When I pulled to the window, trying hard to sound like I wasn’t intentionally being a jerk I asked the question: “how does this help me? Everyone is touching it.”

Startled, the woman answered “it protects me”

Oh, so clearly this isn’t for the customers’ benefit. The manager who happened to be standing beside her and noticing my reaction to being told that they don’t care about the customer immediately chimed in with “it would if you had gloves on.”

I stared at her for a minute with a face that had to have been screaming “REALLY??” then finally held up my hands and said “I’m not wearing gloves”

To which she replied “it’s our policy”

Oh, wow, thank you, that clears it up. It’s our policy, I feel much better now.

I tried to reiterate that the issue was at the point of contact. I tried to explain that the cards, cash and receipt all lay flat within this small plastic bucket forcing every ungloved person to touch the surface of this container effectively turning it into a collection plate of contamination.
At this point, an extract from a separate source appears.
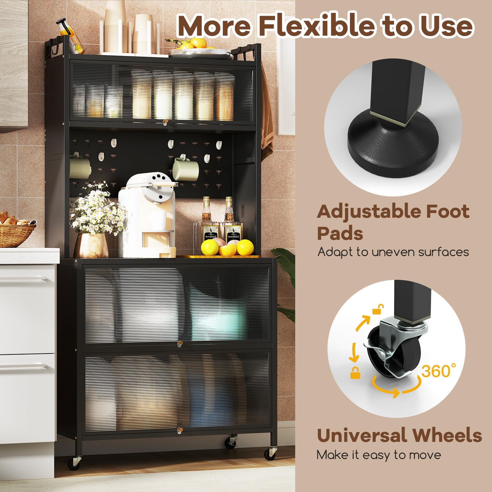 Tidy up your kitchen with our 5-tier kitchen bakers rack! Designed with flexibility, this kitchen storage cabinet allows you to install 4 universal wheels for easy mobility or 4 adjustable foot pads for stability. The translucent flip doors with aluminum alloy knobs offer easy access to items while giving a contemporary aesthetic to create a cozy touch. For security, this 5-tier microwave stand features an anti-toppling device and raised guardrails. The ample storage space keeps your kitchen essentials organized. Additionally, the coffee bar cabinet boasts a multi-layered metal frame for durability. Whether placed in the kitchen, living room or bathroom, this multifunctional storage cabinet is a perfect complement.

I tried to explain that this was actually making things worse and potentially spreading contaminants to people. More so than if the cashier simply took the card directly. Again I was met with “it’s our policy.”
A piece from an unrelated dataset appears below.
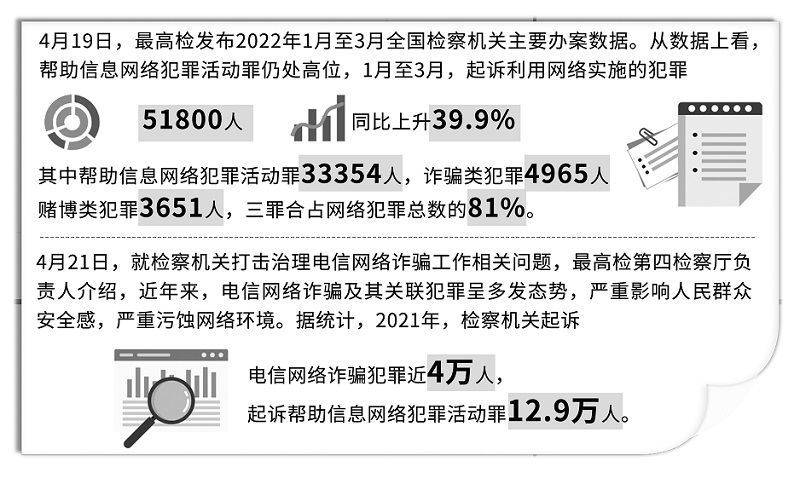 据悉,最高检今年将继续深化措施,加强对电信网络诈骗犯罪全链条的治理,依法从严惩治为诈骗犯罪“输血供粮”的各类网络黑产犯罪,深入开展“断卡”行动。

Which brings us back full circle to the heart of the issue. They don’t care what they’re doing just as long as they are doing. It’s a sadly common problem that seems to be getting worse as time goes on and problems intensify.

Worse still, there are those who will realize the validity of an argument that points out issue with their logic but dismiss it by saying “at least I’m trying.” Let’s look at this with an analogy: say you’re walking along and someone punches you in the face. Then, you punch the person who happened to be standing beside the person who hit you. Then I say “that’s not the one who hit you” and you reply “so, at least I did something.” See the problem here?
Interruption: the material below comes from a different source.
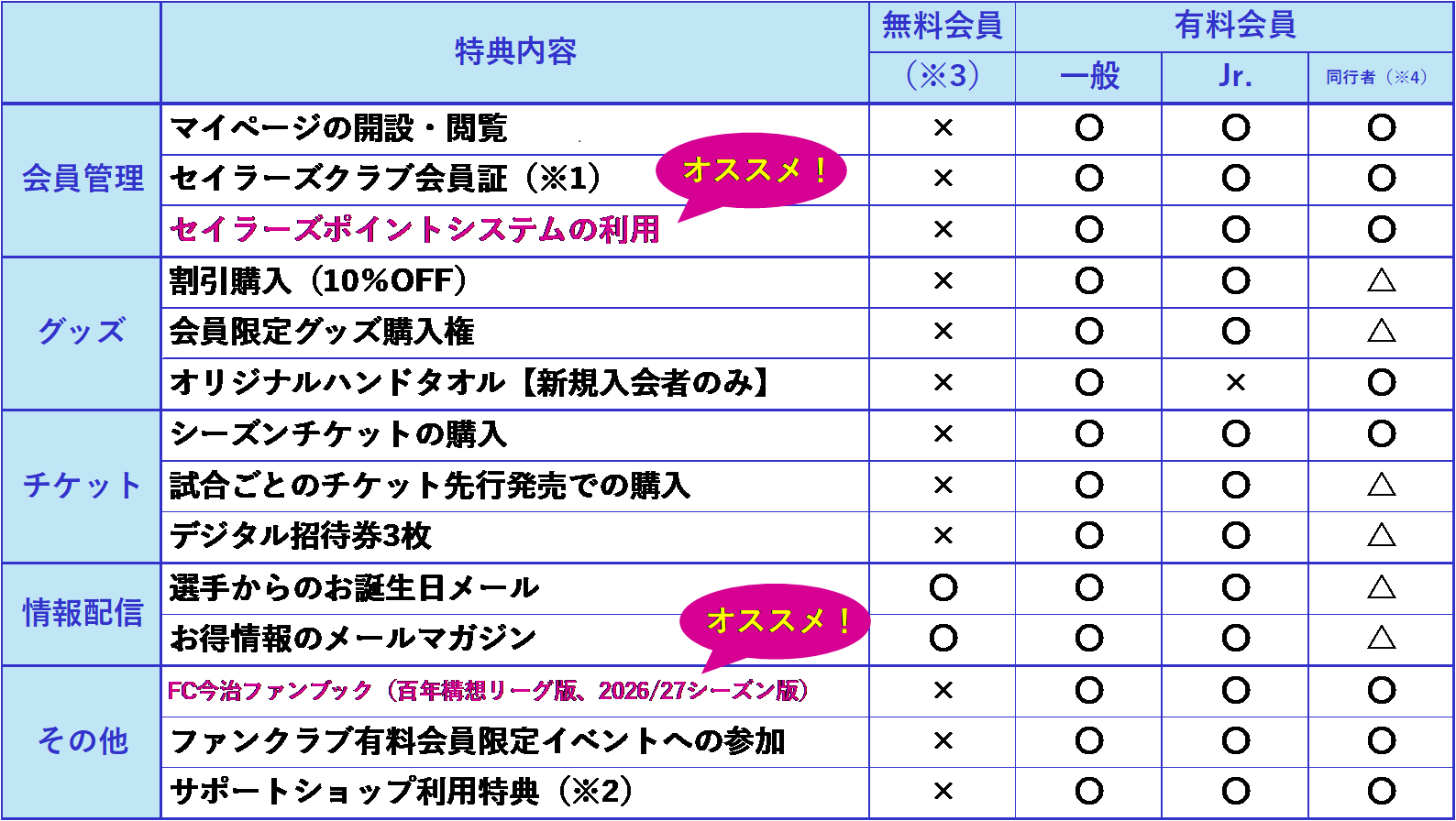 ※ファンクラブは、2026/27シーズンからは、通常の1シーズンプランの販売も行う予定です。

It doesn’t matter if you do something if you’re only doing it just to do it. If it doesn’t solve the issue at hand, then what did you really do? Nothing, all you really did was make things worse because even if it didn’t worsen the problem you directed energy at something that didn’t touch the problem at all. Every bit of energy that doesn’t actually solve the problem is wasted, and unfortunately that’s the best-case scenario.

Ironically, this is something government excels at. They create things like fiscal cliffs, then manage to kick the can down the road to avoid going over them and applaud themselves for managing to avoid the crisis they created. They caused the housing crisis through forcing themselves into the housing markets then slept through the whole thing collapsing. Then, they “solved” the problem by increasing burdensome regulations that don’t even address the issue that they created. They deplete stockpiles of resources, weaken national security, and promote open borders then claim they need to deprive you of your rights to manage a “global pandemic” that kills less people than the flu.

So far we’ve seen people having their personal property forcibly stolen by the government, pastors arrested for holding church services and restrictions on what people are allowed to buy within stores. On top of that, businesses are being forcibly closed, people are being physically restrained and quarantined to the point of police surrounding their homes and we have completely lost the right of assembly. Then, the icing on the cake, they’re going to redistribute a portion of your money back to you. Not all of it mind you, just some. Oh, and if you’re a business then that comes with restrictions on how it can be used.

I guess time will tell how it works out, but so far it isn’t looking great. Government authority seems to be growing exponentially as a result of this crisis and as history has shown us, once government gets a power it is unlikely to relinquish it. The leviathan has awakened and will continue on its gluttonous ways.

But hey, at least they’re doing something.

1 thought on “Don’t Just Stand There, Do Something”

  1. The measures being implemented are the quickest and easiest, not necessarily the best….it’s going to bite them/us in the ass. Whenever this blows over, there’s going to be unforseen consequences.